—¿Qué pinta aquí un sacerdote?
—El conoce los viejos textos y puede aconsejar.
Ante el
batab
, de rodillas y separados de los demás, aguardaban dos hombres y una mujer. Reconocí a los hombres de inmediato, los había visto muchas veces trabajando en el taller de plumería cuando llevaba los paquetes de material que guardaba el amo en el almacén.
Empezó a hablar el más viejo a instancias del
batab
, y aunque no comprendí todo el discurso, me enteré de que acusaba al joven de adulterio. Habló luego éste y la mujer, pero poco podían oponer al acusador que los había sorprendido in fraganti.
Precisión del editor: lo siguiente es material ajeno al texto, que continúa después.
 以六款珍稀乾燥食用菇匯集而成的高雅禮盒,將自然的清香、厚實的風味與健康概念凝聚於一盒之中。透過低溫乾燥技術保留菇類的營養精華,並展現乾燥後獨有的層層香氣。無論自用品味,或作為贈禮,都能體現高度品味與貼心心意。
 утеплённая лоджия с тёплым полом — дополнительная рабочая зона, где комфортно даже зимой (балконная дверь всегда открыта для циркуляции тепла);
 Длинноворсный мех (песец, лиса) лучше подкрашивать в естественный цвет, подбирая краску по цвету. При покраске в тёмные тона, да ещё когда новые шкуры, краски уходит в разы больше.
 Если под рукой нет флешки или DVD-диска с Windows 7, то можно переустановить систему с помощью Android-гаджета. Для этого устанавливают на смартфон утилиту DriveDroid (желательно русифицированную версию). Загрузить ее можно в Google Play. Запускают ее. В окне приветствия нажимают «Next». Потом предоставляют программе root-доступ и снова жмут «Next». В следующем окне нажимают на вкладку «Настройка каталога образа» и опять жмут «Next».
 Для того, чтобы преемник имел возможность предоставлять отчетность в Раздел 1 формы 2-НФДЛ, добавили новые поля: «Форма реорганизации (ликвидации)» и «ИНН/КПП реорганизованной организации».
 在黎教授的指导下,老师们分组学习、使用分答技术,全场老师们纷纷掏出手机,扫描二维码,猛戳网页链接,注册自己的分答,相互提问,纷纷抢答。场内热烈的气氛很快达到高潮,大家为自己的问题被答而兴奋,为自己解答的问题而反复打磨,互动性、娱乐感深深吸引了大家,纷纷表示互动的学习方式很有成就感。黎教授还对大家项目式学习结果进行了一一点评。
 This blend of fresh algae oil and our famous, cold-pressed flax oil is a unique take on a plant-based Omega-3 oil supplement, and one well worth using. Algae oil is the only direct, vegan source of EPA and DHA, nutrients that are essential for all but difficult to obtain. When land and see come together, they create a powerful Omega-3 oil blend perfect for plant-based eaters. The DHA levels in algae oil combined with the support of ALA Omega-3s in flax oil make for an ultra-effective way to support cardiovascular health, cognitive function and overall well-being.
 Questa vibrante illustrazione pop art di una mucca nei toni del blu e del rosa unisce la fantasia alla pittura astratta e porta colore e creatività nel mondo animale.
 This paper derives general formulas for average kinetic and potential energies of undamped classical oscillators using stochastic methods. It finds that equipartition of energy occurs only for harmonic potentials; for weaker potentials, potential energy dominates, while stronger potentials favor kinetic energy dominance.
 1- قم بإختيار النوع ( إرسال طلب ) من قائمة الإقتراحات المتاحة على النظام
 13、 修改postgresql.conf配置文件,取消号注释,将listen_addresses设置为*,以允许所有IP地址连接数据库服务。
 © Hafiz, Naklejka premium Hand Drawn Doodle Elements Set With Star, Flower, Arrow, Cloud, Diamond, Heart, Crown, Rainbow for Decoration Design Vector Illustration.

El
batab
consultó rápidamente con el escriba, preguntó al viejo si perdonaba al otro, éste respondió que no y entonces promulgó la sentencia.
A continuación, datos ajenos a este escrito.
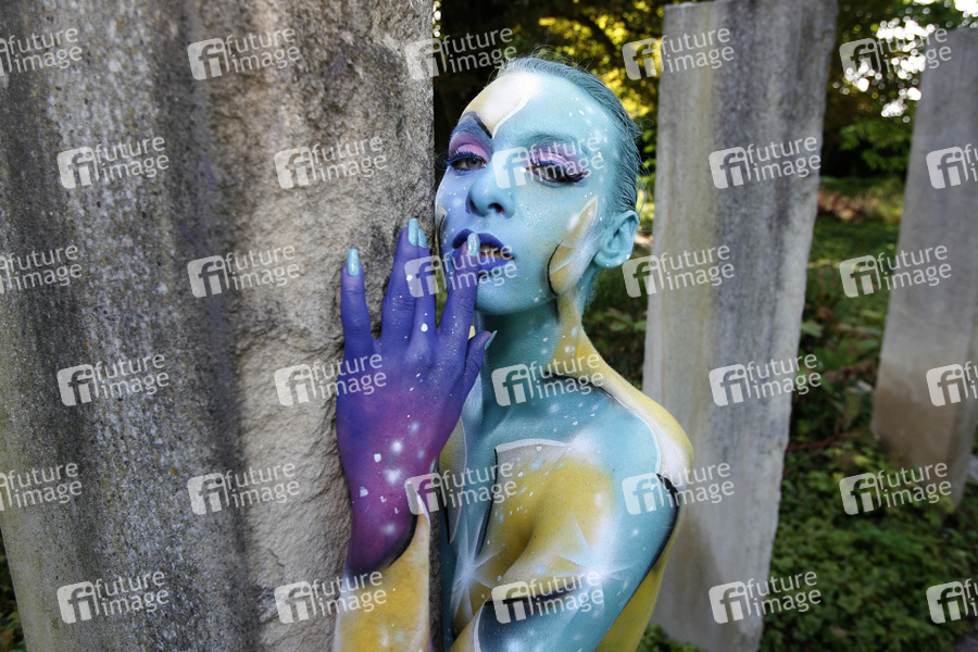 Bodypainting, Erotik, Frau, nackt, draußen, weiblich, Säulen, erotic, woman, nude, outdoor, female, columns

La mujer fue expulsada del patio a empujones e insultos, y a su joven amante lo sentaron bajo la ceiba. El esposo burlado subió por una escalera a una rama alta y desde ella soltó una piedra del tamaño de un melón sobre la cabeza del reo. El impacto sonó como si chascara una rama seca. Un instante antes el preso miraba aterrado al público que tenía delante, y al momento sus ojos se quedaron en blanco. La sangre manó manchándole la cara.
Nos quedamos con la vista fija en el muerto hasta que uno de los
holcanes
nos ordenó volver al trabajo.
Días más tarde, no recuerdo cuántos. José enfermó del estómago. El capataz lo encontró por la mañana bañado en sudor y manchado de vómito. Poco habíamos podido hacer para auxiliarle durante la noche, apenas darle un trago de agua de vez en cuando, pero ni eso toleraba.
Rafael y yo lo lavamos y lo dejamos tendido sobre una esterilla limpia y cubierto con su manta de algodón. Ardía de fiebre, y en su delirio hablaba de la fuga, de los barcos que seguro nos andaban buscando y de cómo hacer para que nos vieran desde algún altozano de la costa, hablaba de trucos para burlar a los
holcanes
, de la muerte que tenía reservada a cada uno de los que le habían hecho daño y de que era un error que él estuviera allí. Por suerte, seguía sin hablar una palabra de maya, así que para nuestros amos aquello no era más que un balbuceo incomprensible. Lo primero que hizo el curandero fue colocar un elote en cada esquina de la estera y otro junto a la cabeza para alejar del lecho a los malos espíritus, y lo segundo fue escupir sobre el enfermo salivazos amarillentos de tabaco.
En la misma postura que los dejamos por la mañana los encontramos al volver de las milpas. José parecía estar mejor. Seguía con fiebre, pero ya no era tan alta como de madrugada, incluso comió algo y fue capaz de beber. Pero a medianoche volvió a empeorar. El pobre temblaba en la esterilla como un pez fuera del agua. Con el amanecer volvió la mejoría, pero su debilidad ya parecía crónica. Tenía el rostro céreo y los ojos se le hundían tras los pómulos picudos.
No hizo falta que nadie me dijera nada, conocía el retrato. Igual que mi padre, igual que Hernán, igual que tantos.
El anochecer del segundo día de su enfermedad trajo una novedad bien diferente. La anunció un revuelo ante la casa del amo, y luego unos gritos desgarrados nos confirmaron que algo malo había sucedido.
Todos nos asomamos.
En el último escalón de las gradas de la casa del
batab
había dos cadáveres: un padre y un hijo. La esposa y madre lloraba quedamente sentada sobre los talones y con la mano derecha apoyada en el pecho ensangrentado del hombre. Una herida profunda por debajo de la última costilla indicaba que le habían extraído el corazón. La que gritaba era una mujer mayor, la madre o suegra del muerto, que golpeaba a la joven en el hombro con la mano abierta mientras repetía entre sollozos:
—Tu culpa… tu culpa.
Tekun se inclinó sobre el cuerpo del muchacho y tiró de una de las flechas que llevaba clavadas en el pecho.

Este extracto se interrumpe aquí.